Entries provided:

--

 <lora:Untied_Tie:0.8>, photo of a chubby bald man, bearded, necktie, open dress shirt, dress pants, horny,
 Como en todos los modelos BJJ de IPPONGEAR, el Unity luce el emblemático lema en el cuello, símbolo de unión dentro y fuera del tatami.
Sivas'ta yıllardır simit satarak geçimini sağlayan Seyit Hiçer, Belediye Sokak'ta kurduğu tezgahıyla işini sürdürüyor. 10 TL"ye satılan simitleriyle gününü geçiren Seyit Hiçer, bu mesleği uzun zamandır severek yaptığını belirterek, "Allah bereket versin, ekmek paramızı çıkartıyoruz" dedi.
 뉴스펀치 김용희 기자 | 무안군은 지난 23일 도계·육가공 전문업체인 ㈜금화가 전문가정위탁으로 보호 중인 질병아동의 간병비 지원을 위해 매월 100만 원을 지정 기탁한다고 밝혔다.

--

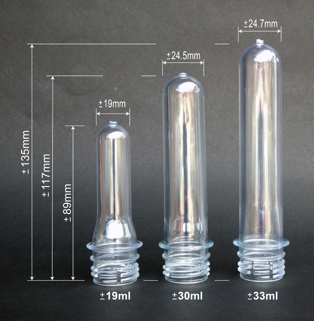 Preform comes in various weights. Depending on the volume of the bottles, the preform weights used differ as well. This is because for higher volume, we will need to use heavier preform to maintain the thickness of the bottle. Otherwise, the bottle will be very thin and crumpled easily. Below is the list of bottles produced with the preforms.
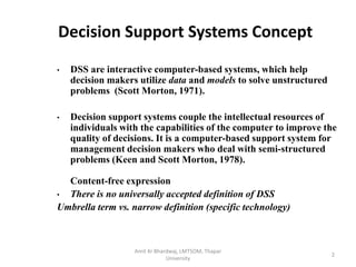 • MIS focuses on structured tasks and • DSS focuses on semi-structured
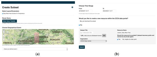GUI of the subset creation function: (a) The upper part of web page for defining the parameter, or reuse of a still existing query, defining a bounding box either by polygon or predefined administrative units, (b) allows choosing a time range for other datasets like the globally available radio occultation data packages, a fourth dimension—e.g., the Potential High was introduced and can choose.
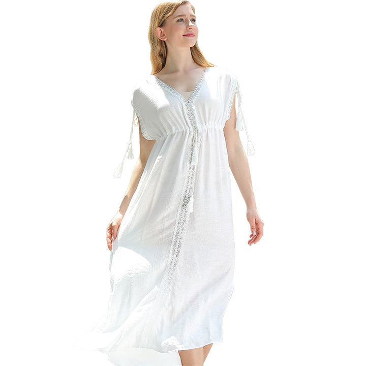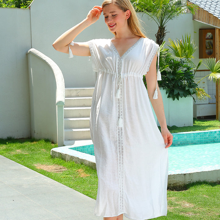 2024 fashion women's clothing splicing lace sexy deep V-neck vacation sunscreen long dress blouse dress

--

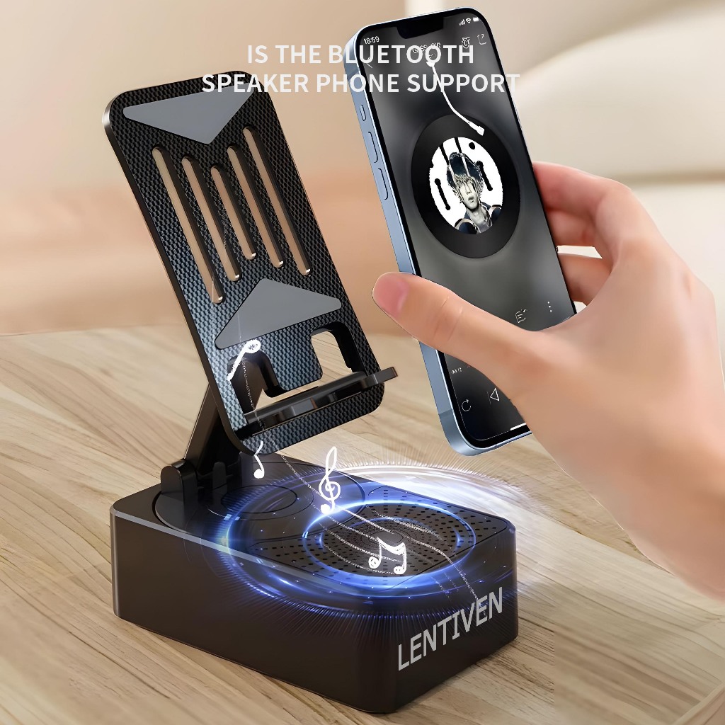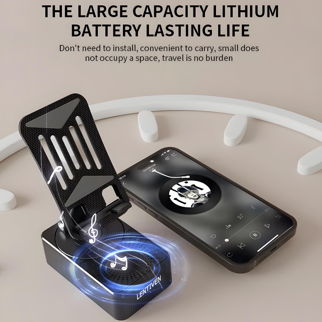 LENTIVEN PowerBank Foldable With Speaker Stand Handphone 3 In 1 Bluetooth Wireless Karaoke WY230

--

Aim of the exercise:
Please, from the entries above, set down exactly the lines from the one containing "Como en todos" through the one containing "뉴스펀치 김용희 기자", and only those.

Result of this exercise:
 Como en todos los modelos BJJ de IPPONGEAR, el Unity luce el emblemático lema en el cuello, símbolo de unión dentro y fuera del tatami.
Sivas'ta yıllardır simit satarak geçimini sağlayan Seyit Hiçer, Belediye Sokak'ta kurduğu tezgahıyla işini sürdürüyor. 10 TL"ye satılan simitleriyle gününü geçiren Seyit Hiçer, bu mesleği uzun zamandır severek yaptığını belirterek, "Allah bereket versin, ekmek paramızı çıkartıyoruz" dedi.
 뉴스펀치 김용희 기자 | 무안군은 지난 23일 도계·육가공 전문업체인 ㈜금화가 전문가정위탁으로 보호 중인 질병아동의 간병비 지원을 위해 매월 100만 원을 지정 기탁한다고 밝혔다.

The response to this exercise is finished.